# Golf as past time



## Murph (Nov 6, 2006)

Hi all I have posted a few things on here in the past.

Basically I a cyclist and that is my main sport, I train around 5 times a week and in the summer will be racing most weekends and training.* BUT* I really like the game of golf, and due to me being so competitive I hate not being as good at it as I am at cycling.
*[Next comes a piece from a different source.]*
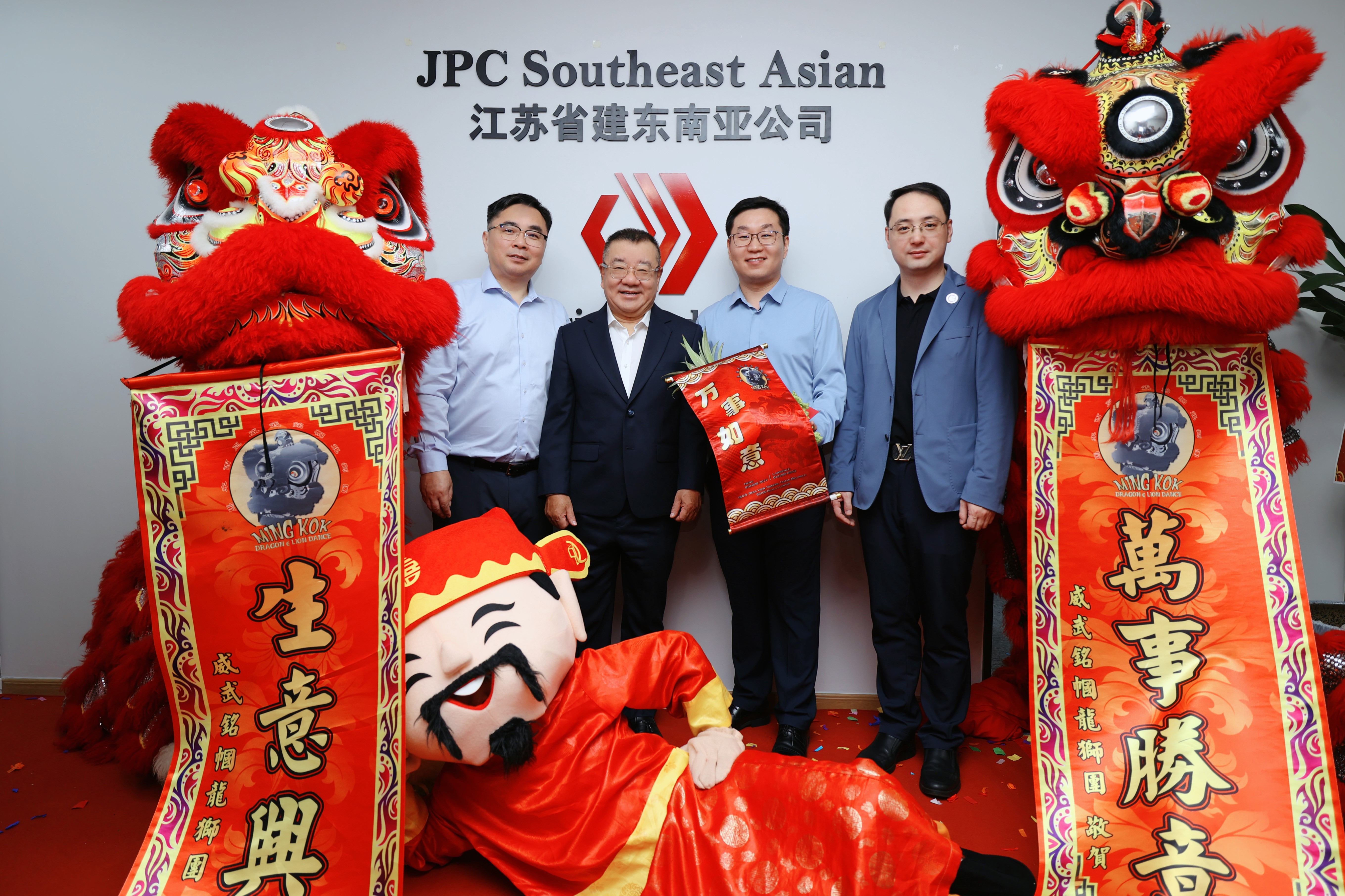 在熱烈的掌聲中,金紅雙獅騰躍起舞,蔣寧和出席活動的領(lǐng)導嘉賓共同為東南亞公司總部揭牌,嶄新的招牌在獅舞祥瑞中熠熠生輝,標志著集團海外事業(yè)發(fā)展邁向全新階段,開啟全新征程。

I have spoke to my cycling coach about playing golf and he says you can only be good at one as you will need to focus entirely on one sport (I have chosen cycling)

But he says I can still play golf every so often to chill out and have a bit of fun, so what is the best way to improve when I can only get down the range once a week and possibly two times at a push.


*HELP ! ! ! ! ! ! ! ! ! ! !*


----------



## fitz-uk (Apr 28, 2006)

Golf is not a game that you become good at over night.

The only way to get better is to play more.

If you cant do that, then you might as well relax and get used to how you play and how good you are now.


----------



## srothfuss (Nov 17, 2006)

If you just wan't to enjoy the sport, get a couple of your friends rounded up, and hit the course at least once a month. There's nothing wrong with only playing to relax or get outside and away from home. 

The one thing I'll recommend is a "beginners golf lesson or sesion" with a local golf pro at the driving range. It typically takes about four 1-hour sesions to get basic instruction to help you get started. From there, reading books or watching videos while you train on a stationary bike would be kind of fun too. :dunno:


----------